30 years of swim lessons

We all have this one thing in life we desperately would like to master. I have a fairly long list – skiing, cooking, rising early in the morning with ease – the list goes on. Swimming was on top of my list.  

It was not for lack of trying. I had given up on swimming as a sport I would never learn. My first attempt at the Mount Road YMCA in Chennai after high school convinced me that I would never enter a pool without a coach in the water begging me to come in.

Fast forward many years. I took swim lessons in graduate school, multiple sessions in city pools, and expensive private lessons in Woodside. Thirty years later I still couldn’t swim. I had attended so many lessons that I could probably teach swimming myself – I knew all the instructions –   “blow bubbles”, “kick with your hip, not your knees”, “don’t panic.”

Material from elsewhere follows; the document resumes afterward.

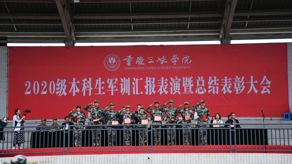 4月19日下午,学校在综合田径运动场举行2020级本科生军训汇报表演暨总结表彰大会。学校党委常委、副校长臧小林,万州区人武部副部长刘大强出席大会。学校相关职能部门、群团组织及各二级学院负责人,跟训辅导员,全体军训教官及2020级全体本科生参加相关活动。大会由学校武装部部长秦勤主持。

The only time I moved in the water was on a boat. 

Giving up on swimming

I sent my kids to swimming lessons – they could save me if I got into trouble in the water. They enjoyed trying to teach me to tread water – this was their chance to teach their Amma something. 

In the summer of 2019, on a visit to India, a paternal cousin told me he was a swim coach. His two sons were swim champions in Pune, India. I confessed that I had given up on swimming. Though I was close to retirement and in decent shape, I would not attempt swim lessons again.

My cousin was amused. He invited me to Pune, “I can teach you in no time.” Maybe he was just being kind and generous, but then, the swimming bug got in my system again. I decided to take him up on his offer – long distance.

5 feet tall. 5 feet deep

On my return to Sunnyvale, I went to the pool at my gym. It’s only 4 to 5 feet deep the entire distance; this was important as I am only five feet tall on a good day. I felt safe. If I stayed vigilant I would not drown here.

My coach began with simple activities to start – the aim was to get comfortable in the water. He got me to buy a board and fins which are essential for swim training. It took me a few weeks to just get comfortable in the water, float, and kick with my board – something my kids could master in two days perhaps. Progress was extremely slow – but this was my last chance and I kept going.

Then COVID hit. My swim coach is also a yoga teacher so my kids and I began yoga lessons on video. Through our yoga lessons, he also taught me the basics of swimming and the need to streamline the body using various asanas. This was a valuable addition to my learning.

When the pools finally opened after COVID, my coach invited me to join him for swimming lessons on WhatsApp.

Learning to swim with WhatsApp

I thought he was kidding! What could he possibly see from one end of the pool to the other?

Apparently, a skilled swim coach can see both above and below water. He had me set up my phone on a mini tripod and via WhatsApp, he gave me tips. Slowly I was able to kick, breathe, drill, and swim. It was a great feeling.

I continued my weekly sessions at my gym and then moved to our local public high school pool. It also had a few lanes that were just 4 to 5 feet in depth. I did not panic when I stopped to catch my breath.

A year and a half of regular training later, I am now able to swim across the pool reasonably well using breaststroke and backstroke. I’m still in the process of building skills and strength in the freestyle and butterfly. 

WhatsApp helped me go from zero to swimmer.

A coach from across the world

I do get strange looks at the pool – folks wonder who I’m speaking to poolside. Some of them were fascinated and encouraging, while others asked me to shut it down – they assumed I was recording them as their lanes were visible. – I understood their concerns so I complied. After a while, I was accepted as that weird student with a coach on video from across the world.

I work out every day and diligently continue to practice. I’m making progress.

After I retired I went to my coach’s pool in Pune – Bluewater Sports Academy in Baner. The coaches and students swim at a pace that takes my breath away. I did my best to keep up!

It was hard to get used to a pool that was not heated but I realized I had to learn to love cold water. After the first few laps, I forgot the pool was not heated.  I was the slowest in the pool, but my cousin, his two sons, and the assistant coaches were kind and accepting of this senior citizen. I spent many evenings watching the young ones in absolute amazement. The kids work hard, having fun as they slowly master swimming with precision and speed. The classes ran for 6 days a week, 1.5 hours every day for a very nominal fee – I could not have asked for a better coaching experience.  

All you need is a smartphone and tripod!

I am back in Sunnyvale. I’m at the high school pool at 6 a.m. practicing the tough workouts my video coach sends me. I am far from “done.” Freestyle breathing is still my biggest challenge and I can but have not really spent much time at the deep end. 

WhatsApp is a lifeline for Indians who want to keep in touch with family, friends, and the world in general, but it also offers other possibilities. 

If anyone has a burning desire to learn to swim like I did, try the coaches at BSA. All you need is a pool where you feel comfortable standing, a smartphone with WhatsApp, and a mini tripod!